Powerful servers are also required to cope with a large number of students taking an exam, especially at the start of the exam when they all send a request for the first page almost simultaneously. A backup server is also very useful so that, if there is a problem with the main server, the backup can be used instead and the exam does not need to be rescheduled. The configuration of these primary and backup servers is complex and requires specialists; the salaries of such personnel could be considered a financial drawback.

Some anxiety was seen in the students, especially for their first online exam, though it is predicted that this would rapidly decrease as their familiarity with the system grows. Alongside this there has been some anxiety also seen amongst staff. Although online exams should be very similar to paper based exams in the way in which they are organised by the institution (obviously apart from the type of delivery), it seems that the unfamiliarity of the online approach and the perceived lack of confidence in IT abilities can lead some staff to be shy of the new system. This can lead to more responsibility for the organisation of exams falling to IT staff, who wouldn't normally be involved in these stages.

How did this e-learning approach accord with or differ from any relevant departmental and/or institutional strategies?

It is the Medical Education Unit's role to lead the departmental strategy with respect to assessment. There are staff within the unit who specialise in medical education (including assessment) and staff whose responsibility it is to program and run the online assessment system and therefore lead the departmental strategy. These members of staff liaise with staff within the schools within the Faculty of Medicine to run online assessment.

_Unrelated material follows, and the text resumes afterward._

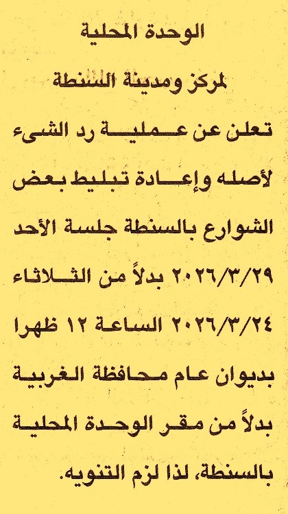 رد الشيء لأصله لأعمال إعادة تبليط بعض الشوارع بمدينة السنطة
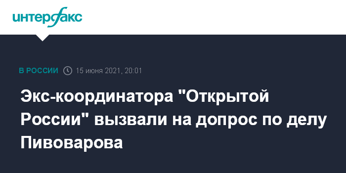 Москва. 15 июня. INTERFAX.RU - Бывший координатор движения "Открытая Россия" (Генпрокуратура признала одноименную британскую организацию нежелательной на территории РФ; прекратило свою деятельность) Татьяна Усманова сообщила, что ее вызвали на допрос по делу экс-директора движения Андрея Пивоварова.

The MEU started summative online exams 3 years ahead of the University's central IT team. When the University's Information Services started to look at software to begin summative online assessments, Touchstone was considered as an option to be adopted by the University but was beaten to second place by Questionmark Perception at the final stage. The Medical School has continued with Touchstone as there are a large number of questions within the system, staff are trained to use it and it has been designed around the question types used commonly in medicine.